Math 641-600 Midterm Review

The in-class part of the midterm will consist of the following: statements of theorems and definitions; short problems or propositions similar to homework problems or examples done in class; and either a critical part or sketch of a proof for one of the major theorems proved.

The take-home test will have longer computations, proofs, or problems. It is due on Monday, October 19, at 4 pm. You may bring the test to me directly (Blocker 611D) or put it in my mailbox on the second floor.

Linear algebra

Inner products & norms

• Subspaces, orthogonal complements
• Orthogonal sets of vectors, the Gram-Schmidt procedure
• Least squares, minimization problems, projections, normal equations

Self-adjoint matrices & their properties

• Spectral theorem
• Estimation of eigenvalues
  • Maximum principle
  • The Courant-Fischer theorem
• The Fredholm Alternative

Function spaces

Banach spaces and Hilbert spaces

• Convergent sequence, Cauchy sequence, complete spaces - Hilbert spaces and Banach spaces
• Special (complete) spaces - l^p, L^p (1 ≤ p ≤ ∞), C[a,b], C^k[a,b], Sobolev space Hⁿ[a,b]
• Continuous functions on [0,1].

Lebesgue Integration

• Lebesgue integral, sets of measure 0 and L^p spaces
• Density of continuous functions in L^p[a,b], 1 ≤ p < ∞
• Monotone convergence theorem and dominated convergence theorem (skip Fubini's theorem)

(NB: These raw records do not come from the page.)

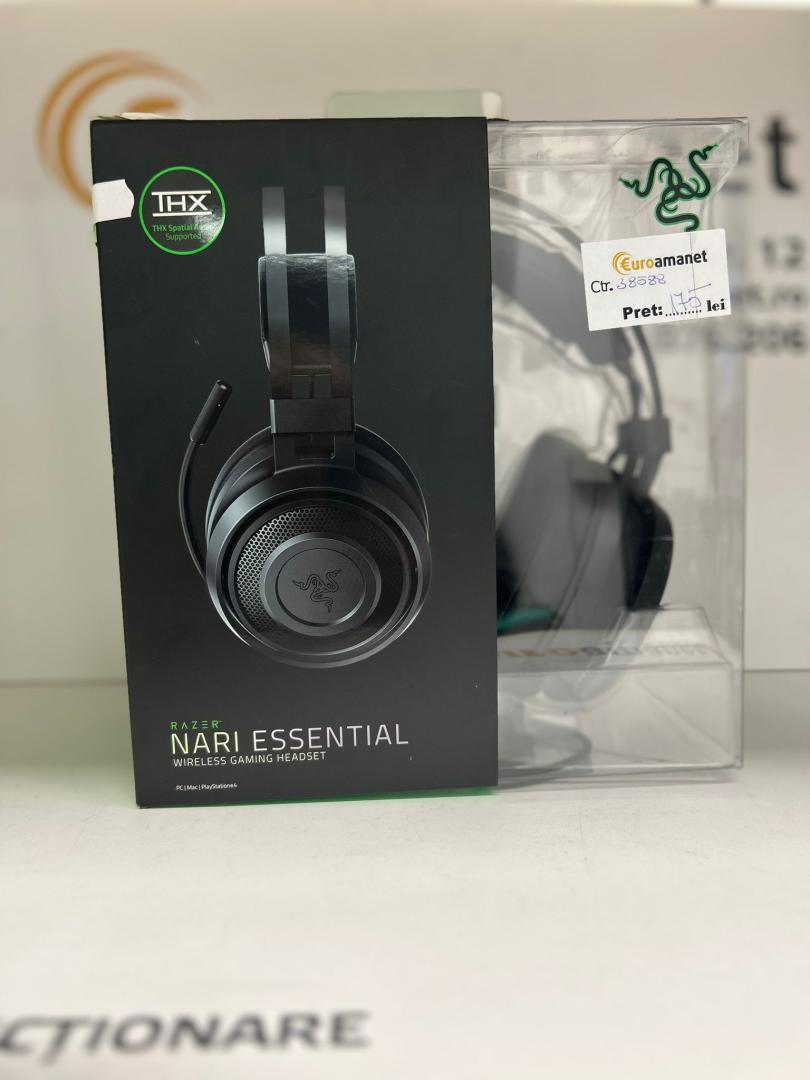 Casti gaming wireless Razer Nari Essential, surround THX, Negru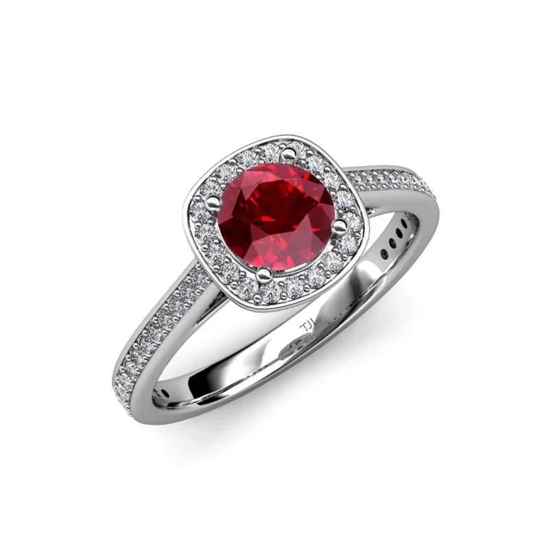Ruby and Diamond Womens Halo Engagement Ring 1.15 ctw 18K White Gold More Details ...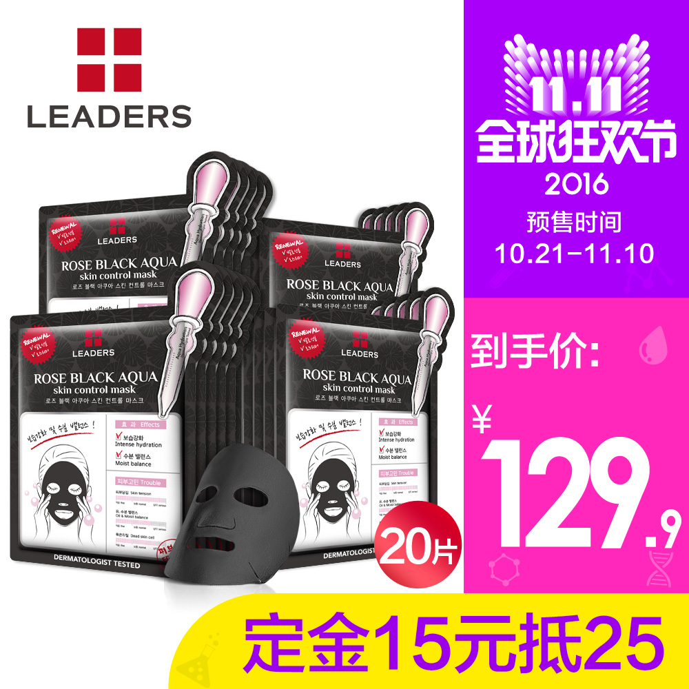LEADERS/丽得姿玫瑰润颜黑面膜套装20片 补水保湿清洁亮肤面膜贴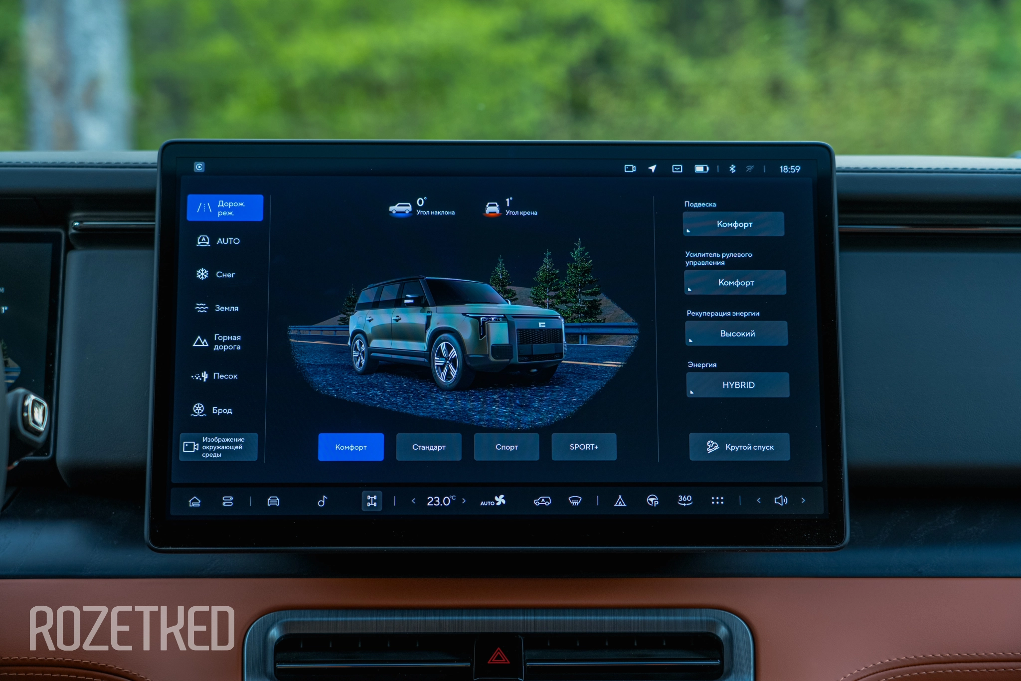 Всего тут есть четыре варианта работы «коробки» — комфорт, стандарт, спорт и спорт+. Честно говоря, комфорта тут за глаза для всех задач. Есть ещё переключатели дорожных режимов: авто, снег, земля, горная дорога, песок и брод. Отдельно настраиваются подвеска, усилитель руля и рекуперация. На моём опыте это первый автомобиль, где авто-режим работает идеально во всех условиях, нет необходимости что-то менять.

Orthonormal sets and expansions

• Minimization problems, least squares, normal equations
• Complete sets of orthogonal/orthonormal functions, Parseval's identity, other conditions equivalent to completeness of a set
• Dense sets and completeness
• Completeness of polynomials in L², orthogonal polynomials

Approximation of continuous functions

• Modulus of continuity, linear spline approximation
• Bernstein polynomials
• Weierstrass Approximation Theorem

Fourier series

• Riemann-Lebesgue Lemma
• Sketch proof of pointwise convergence